**Data**
=======

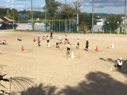 運動場での練習も白熱しました。5年生のみんなは「アツアツ」です!
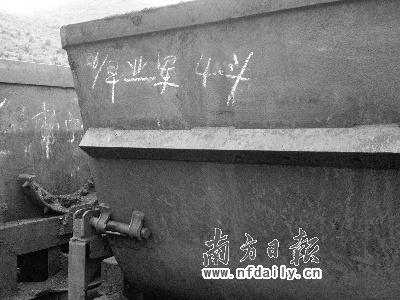 記者昨日在現場看到,礦井出口處擺著9名死難礦工的遺體,遺體旁是一排車斗,一個車斗上還有工頭用白色粉筆記錄下的死者李業(yè)軍5月26號的產量———早班4斗。
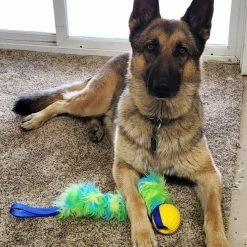 The Activedogs.com Fur Bungee w/Foam Ball Tug is so fun. The dogs just love it and it works well to motivate them to interact with us during training. The yellow foam 2” ball is a favorite of our dogs and the bright color attracts their attention. The plush faux fur stretches with a bungee interior. The handle is solid non stretch construction for good handle control. This plush tug will stretch from 24” to 34”.
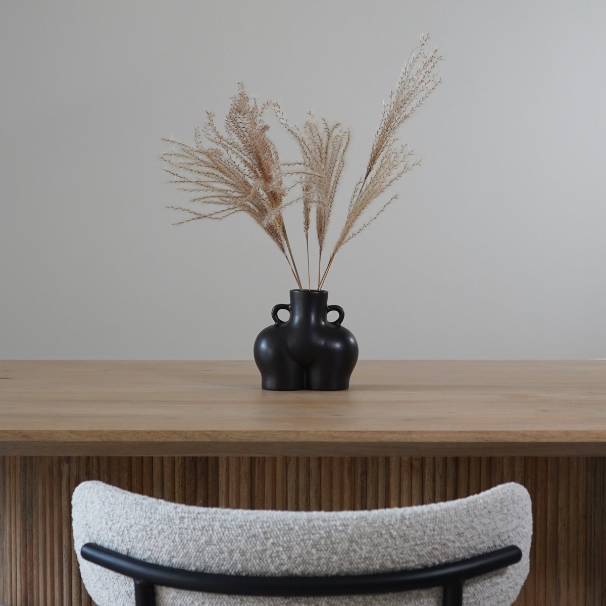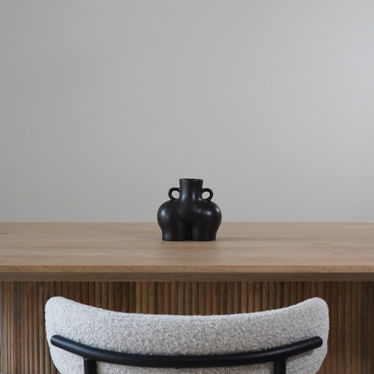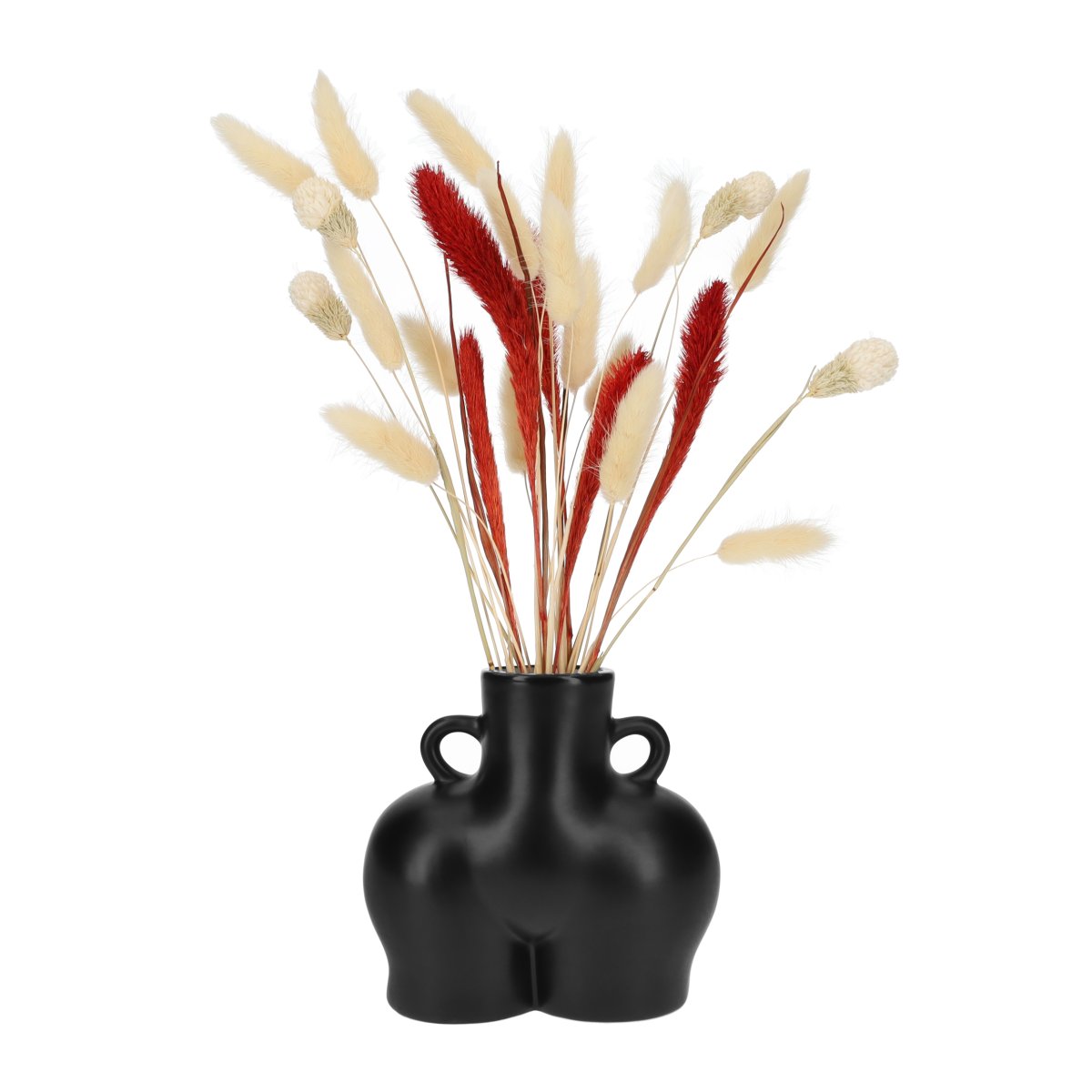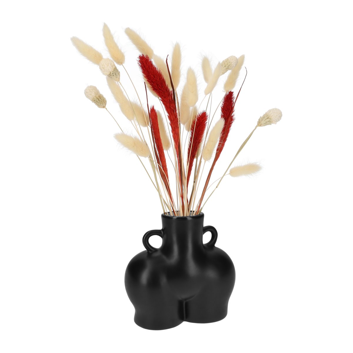 Bloemenvaasjes komen in alle soorten en maten. Dat bewijst deze vaas in de vorm met lichaam in het zwart van QUVIO ook zeker. Deze bijzondere vaas heeft namelijk de vorm van een lichaam. Daarbij heeft het vaasje ook nog aan beide zijden een klein handvat. Het resultaat is een prachtige vaas met een klassieke vorm en uitstraling. Het is een geweldige vaas voor echte bloemen en droogbloemen. Door de zwarte kleur is de vaas bovendien eenvoudig te combineren met andere woonaccessoires en woonstijlen. Heb jij al een perfect plekje voor dit vaasje in gedachten?

=======

**Your task**
The response has to be an exact copy of all the data, pictures excluded.

**Reply to the exercise**
 運動場での練習も白熱しました。5年生のみんなは「アツアツ」です!
 記者昨日在現場看到,礦井出口處擺著9名死難礦工的遺體,遺體旁是一排車斗,一個車斗上還有工頭用白色粉筆記錄下的死者李業(yè)軍5月26號的產量———早班4斗。
 The Activedogs.com Fur Bungee w/Foam Ball Tug is so fun. The dogs just love it and it works well to motivate them to interact with us during training. The yellow foam 2” ball is a favorite of our dogs and the bright color attracts their attention. The plush faux fur stretches with a bungee interior. The handle is solid non stretch construction for good handle control. This plush tug will stretch from 24” to 34”.
 Bloemenvaasjes komen in alle soorten en maten. Dat bewijst deze vaas in de vorm met lichaam in het zwart van QUVIO ook zeker. Deze bijzondere vaas heeft namelijk de vorm van een lichaam. Daarbij heeft het vaasje ook nog aan beide zijden een klein handvat. Het resultaat is een prachtige vaas met een klassieke vorm en uitstraling. Het is een geweldige vaas voor echte bloemen en droogbloemen. Door de zwarte kleur is de vaas bovendien eenvoudig te combineren met andere woonaccessoires en woonstijlen. Heb jij al een perfect plekje voor dit vaasje in gedachten?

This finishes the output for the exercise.